Try it
Repeat every entry exactly. Pictures stay out.

(Records from a collection)
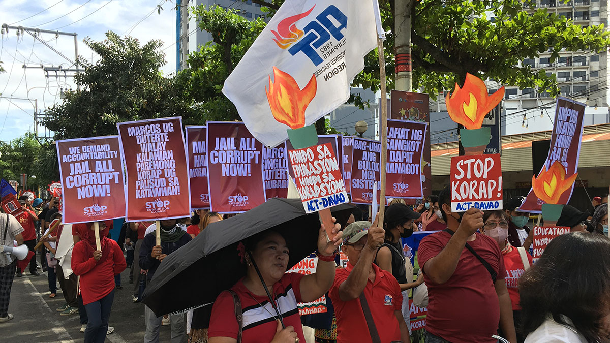 2025年11月30日の「ボニファシオの日」に、フィリピンのダバオ市で約300人の抗議者が反汚職デモに参加し、マルコス大統領とサラ・ドゥテルテ副大統領を「汚職の王と女王」と呼びました。
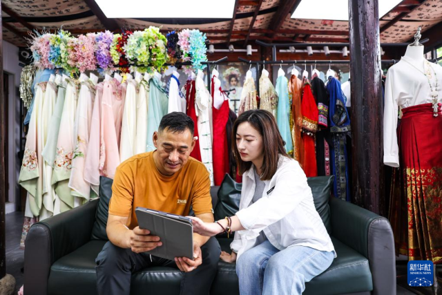6月18日,旅拍摄影师胡修刚(左)在慈城古县城景区为游客介绍拍摄场景。
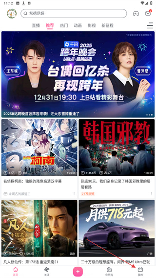 1、启动哔哩哔哩App,点击首页底部导航栏的我的按钮。
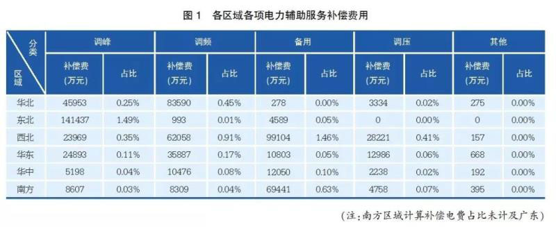 從2018年上半年電力輔助服務的數(shù)據(jù)看:東北、西北區(qū)域調(diào)峰補償力度最大,西北、華北區(qū)域調(diào)頻(西北區(qū)域調(diào)頻為AGC加一次調(diào)頻,其他區(qū)域調(diào)頻為AGC)補償力度最大,西北、南方區(qū)域備用補償力度最大(如圖1所示)。
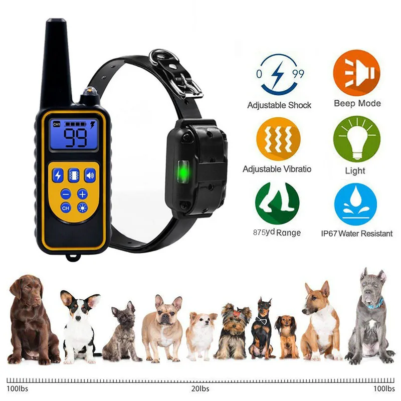 Ошейник для дрессировки собак, водонепроницаемый, 800 м, с ЖК-дисплеем
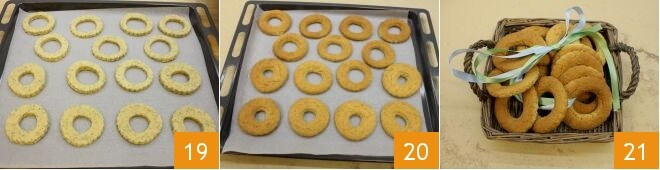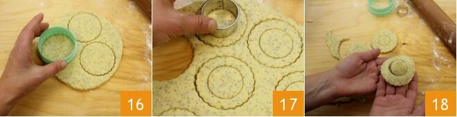 Use um cortador de biscoitos com 7 cm de diâmetro para cortar discos 16: com as nossas medidas, você deve obter cerca de 30 biscoitos. Com um cortador de biscoitos de 4,5 cm, corte o centro de cada disco para criar círculos menores 17. Com as mãos, remova delicadamente os discos internos 18 e amasse novamente para formar um bloco; cubra novamente com filme plástico e deixe descansar na geladeira por pelo menos 15 minutos, depois repita a operação até terminar a massa.
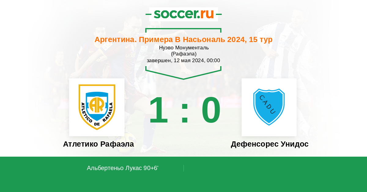 Гол90+6' (1:0) Альбертеньо Лукас
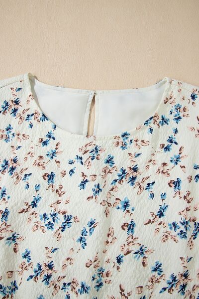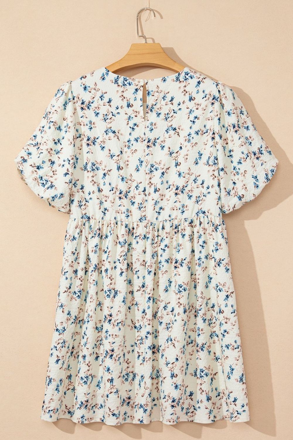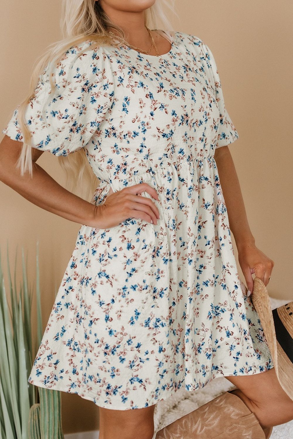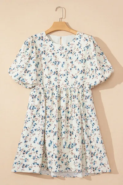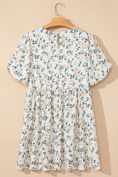 Floral Puff Short Sleeve Empire Waist Mini Dress
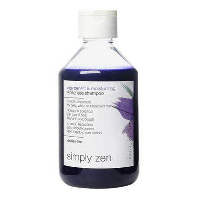 Simply Zen Age Benefit & Moisturising Whiteness Shampoo er en sølvsjampo som er spesielt utviklet for grått, blondt eller lysnet hår. Sjampoen er beriket med blå og fiolette pigmenter som bidrar til å nøytralisere gylne toner i håret, slik at håret får en kjøligere og lysere farge. Den inneholder også proteiner, planteekstrakter og et UV-filter som gir næring og beskyttelse til håret.
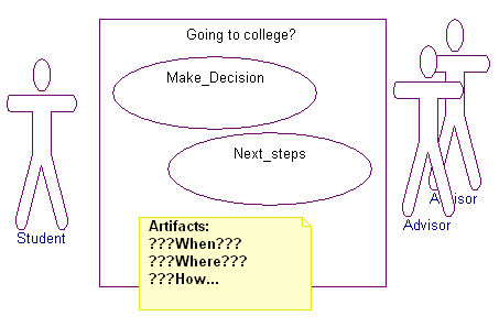 - For instance, a project you might consider doing; could be to go to college to get a 4 year degree, so that you can enjoy earning a bigger paycheck and have steady employment -- maybe, while you are working in your chosen career field. So the concept for this project would be described as "acquire BS/BA college degree and skills to be viable in the 21st century" and modeled at a high-level, as in Figure 10-00A:
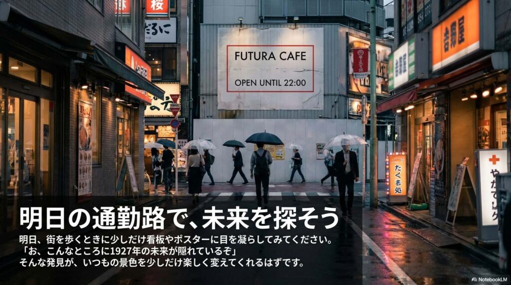 明日、街を歩くときには、ぜひ看板やポスターに少しだけ目を凝らしてみてください。「お、こんなところに1927年の未来が隠れているぞ」そんな発見ができたら、いつもの景色が少しだけ楽しくなるかもしれません。
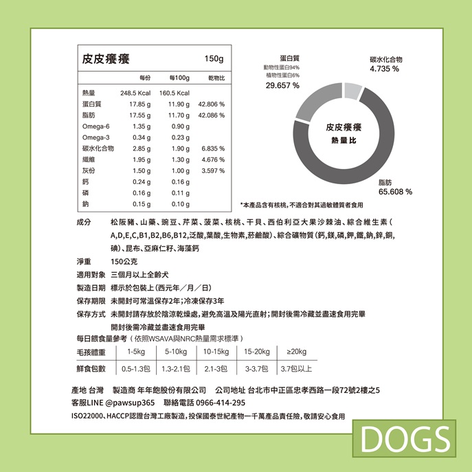 成分:松阪豬肉/山藥/豌豆/芹菜/菠菜/核桃/干貝/西伯利亞大果沙棘油/綜合維生素(A,D,E,C,B1,B2,B6,B12,泛酸,葉酸,生物素,菸鹼酸)/綜合礦物質(鈣,鎂,磷,鉀,鐵,鈉,鋅,銅,碘)/昆布/亞麻仁籽/海藻鈣

The completed task
 2025年11月30日の「ボニファシオの日」に、フィリピンのダバオ市で約300人の抗議者が反汚職デモに参加し、マルコス大統領とサラ・ドゥテルテ副大統領を「汚職の王と女王」と呼びました。
6月18日,旅拍摄影师胡修刚(左)在慈城古县城景区为游客介绍拍摄场景。
 1、启动哔哩哔哩App,点击首页底部导航栏的我的按钮。
 從2018年上半年電力輔助服務的數(shù)據(jù)看:東北、西北區(qū)域調(diào)峰補償力度最大,西北、華北區(qū)域調(diào)頻(西北區(qū)域調(diào)頻為AGC加一次調(diào)頻,其他區(qū)域調(diào)頻為AGC)補償力度最大,西北、南方區(qū)域備用補償力度最大(如圖1所示)。
 Ошейник для дрессировки собак, водонепроницаемый, 800 м, с ЖК-дисплеем
 Use um cortador de biscoitos com 7 cm de diâmetro para cortar discos 16: com as nossas medidas, você deve obter cerca de 30 biscoitos. Com um cortador de biscoitos de 4,5 cm, corte o centro de cada disco para criar círculos menores 17. Com as mãos, remova delicadamente os discos internos 18 e amasse novamente para formar um bloco; cubra novamente com filme plástico e deixe descansar na geladeira por pelo menos 15 minutos, depois repita a operação até terminar a massa.
 Гол90+6' (1:0) Альбертеньо Лукас
 Floral Puff Short Sleeve Empire Waist Mini Dress
 Simply Zen Age Benefit & Moisturising Whiteness Shampoo er en sølvsjampo som er spesielt utviklet for grått, blondt eller lysnet hår. Sjampoen er beriket med blå og fiolette pigmenter som bidrar til å nøytralisere gylne toner i håret, slik at håret får en kjøligere og lysere farge. Den inneholder også proteiner, planteekstrakter og et UV-filter som gir næring og beskyttelse til håret.
 - For instance, a project you might consider doing; could be to go to college to get a 4 year degree, so that you can enjoy earning a bigger paycheck and have steady employment -- maybe, while you are working in your chosen career field. So the concept for this project would be described as "acquire BS/BA college degree and skills to be viable in the 21st century" and modeled at a high-level, as in Figure 10-00A:
 明日、街を歩くときには、ぜひ看板やポスターに少しだけ目を凝らしてみてください。「お、こんなところに1927年の未来が隠れているぞ」そんな発見ができたら、いつもの景色が少しだけ楽しくなるかもしれません。
 成分:松阪豬肉/山藥/豌豆/芹菜/菠菜/核桃/干貝/西伯利亞大果沙棘油/綜合維生素(A,D,E,C,B1,B2,B6,B12,泛酸,葉酸,生物素,菸鹼酸)/綜合礦物質(鈣,鎂,磷,鉀,鐵,鈉,鋅,銅,碘)/昆布/亞麻仁籽/海藻鈣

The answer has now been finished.